At the start of 2020 I decided that one of my goals for the year (and every year following this one) is to be better about having dinner on the table ESPECIALLY because I work from home now. Stephen works long, crazy hours and I’d always feel a sting of guilt when he walked in the door (pretty late, by the way) and I didn’t have at least something started. He typically would end up just start putting together himself. It breaks my heart just saying that. It seems quite stupid to me that I struggle with this at all but typically what happens is I get into a work mode in the afternoon where I lose all track of time and before I know it it’s 7:00 PM and I’m like “BISCUITS! What are we going to eat?!” Also, hate to be blunt but it’s just the two of us right now. I don’t have a little one telling me they’re hungry or the mindset to automatically remind myself of that. Well… Except for the pups and they take two seconds to feed. HA!
I analyzed my habits and why I struggle with this and I *think* I might’ve come up with a solution – freezer meals. There are a few reasons that I think these might be a great solution:
I can prepare multiple meals at one time. It makes things super super efficient.
We’ll still be able to eat a home-cooked meal. We don’t eat out often but it’s definitely tempting when we have nothing prepared to eat for dinner. Not only does this save us money but I’m also able to have more control over the food/ingredients we are consuming.

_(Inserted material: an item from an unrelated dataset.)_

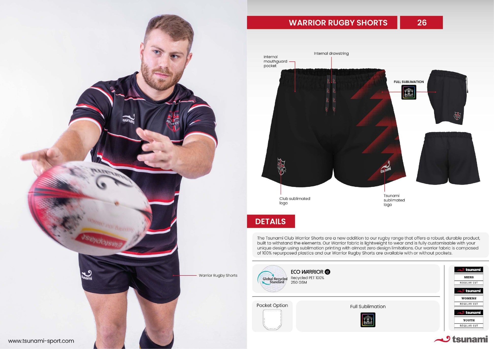 The Club Warrior Shorts are ca new addition to our rugby range that offers a robust, durable product, built to withstand the elements. Our Warrior fabric is lightweight to wear and is fully customizable with your unique design using sublimation with almost zero design limitations. Our warrior fabric is composed of 100% repurposed plastics and our Warrior Rugby Shorts are available with out without pockets.
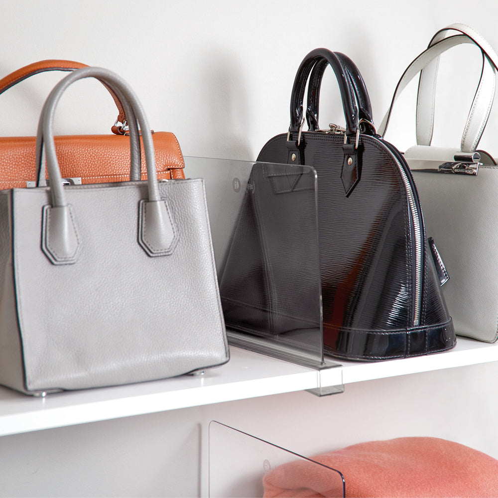 Dieser praktische Regaltrenner von The Home Edit unterteilt deine Regale ganz einfach in mehrere Fächer. Die Regaleinteilung hilft dir, deine Gegenstände leicht zu sortieren und den Überblick zu behalten.

It’s much less expensive compared to something like those meal prep services. For example, Home Chef, Freshly, Green Chef, etc.
I did quite a bit of searching on Pinterest and stumbled upon THIS POST titled, “40 Pre-Baby Freezer Meals” (and no, I did not prepare these meals because of a baby). Within this post, there is a button that says “Click here for all of the free recipes and grocery lists”. Click that button to receive that FREE download in your inbox.

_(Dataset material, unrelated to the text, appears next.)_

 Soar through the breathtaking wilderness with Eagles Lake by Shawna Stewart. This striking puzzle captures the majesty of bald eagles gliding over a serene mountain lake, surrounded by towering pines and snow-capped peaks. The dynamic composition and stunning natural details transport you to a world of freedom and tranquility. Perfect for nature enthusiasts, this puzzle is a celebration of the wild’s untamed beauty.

You by no means have to make all 40 meals. However, I figured if I was going to do this I was going to go big. So I did. It also made it super convenient to just get what was on the shopping lists and not have to pick and choose.
I purchased about 80% of the groceries at Lidl and the last 20% at Walmart. The total cost of the groceries and materials was $360. It felt like a lot at the time but when you break that down it’s $9 a meal, $4.50 per person. Since it’s only Stephen and I right now, I would bet that we’ll both eat dinner and have at least enough for one of us to eat the leftovers for lunch. If that’s the case, it’ll equate to 120 meals, making it $3 per person. Not bad!

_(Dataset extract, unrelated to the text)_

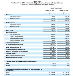 5月份,加拿大电商Shopify公布了其截至2022年3月31日的第一季度财报。财报数据显示,该公司第一季度总营收为12.04亿美元,不及市场普遍预计的12.4亿美元,上年同期为9.89亿美元,同比增长22%。与该公司在2021年第一季度110%的营收增长率相比,大幅下滑。此外,Shopify第一季度商品总额(GMV)为432亿美元,比2021年第一季度增加59亿美元,增长率为16%,不及市场预期的465亿美元。
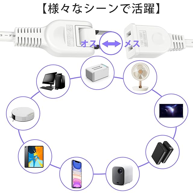 延長コード 0.3m 1個口 ホワイト 30cm 15A 1500W 耐トラッキング 二重被覆 絶縁キャップ ACアダプター すっきり接続 コンセント ちょっとコード ソフト 短い 電源コード 延長ケーブル 連結可 電源ケーブル 電源プラグ おしゃれ 業務用 作業用 (1本セット)

I’m going to tell you right now – this process takes quite a bit of energy. All pieces of it. However, I believe putting the work in on the front end is worth it for the time saved and stress reduced on the back end.
Before going shopping or ordering your groceries, take a full of inventory of the food you already have. Don’t worry about making the recipes exactly right. Utilize what you have and try to get rid of as much as possible!
If you can order your groceries online and pick them up or have them delivered, it’s going to save you so much time. Grocery shopping took me about 3 hours total. I usually like grocery shopping but this was a bear. I’d avoid it next time if possible.
ENLIST A PARTNER. I can’t emphasize that enough. Even if you double the number of meals that you make, it’ll make this process much more efficient (and enjoyable).
Buy vegetables pre chopped or buy a vegetable chopper (I linked the one below that I use).
A lot of people really love using these handy bag holders that I linked below. I did NOT use them but I did have a disaster where a bag fell over and that was not cool whatsoever…
Start by labeling each gallon sized freezer bag with the name of the recipe, the number, and the instructions for cooking. I used a Sharpie directly on the bag and it has held up fine in the freezer.
Only do one section of meals at a time and then reevaluate. I started with the 15 beef and pork meals then moved onto the chicken then finished with the “casserole” type of meals.
Sort all of the ingredients into stations. For example, all of the canned goods together, all of the spices together, all of the dry goods together, all of the meat together, etc.
Following basic efficiency principals – cut all of the vegetables at once, trim all of the meat at once, etc. An easy way to think about this: touch every item the least number of times possible… Ideally once.
Keep a big “trash bowl” next to the cutting board.
Add in as many extra vegetables as possible!
After testing out multiple different methods of doing this, I learned it was most efficient to fill all of the bags with one section of ingredients at a time (following along with the point above). For example, fill bags 1-15 with all of the meat then move onto the spices and fill bags 1-15 with all of the spices, etc. until the bag has all ingredients necessary.
Based on the suggested amount of spices in each recipe, I suggest adding a bit more. This is depending on your taste of course but I know for us we prefer more seasoning so I just used my better judgement.
Remove as much air from the bags as possible, flatten the bag, and place them in freezer with plates in between each bag. This is really important!
Once the bag is completely frozen, remove the plates and stack the meals like books in the freezer.
** I think a second freezer is most likely necessary to make all 40 meals.
So far we have tried two of the meals and they were delicious! I’m excited to try the rest of them and to make dinner time so much easier. I definitely think I’m going to do this again! I should get more and more efficient every time I do this. I’ll keep you all updated. Let me know if you have any questions!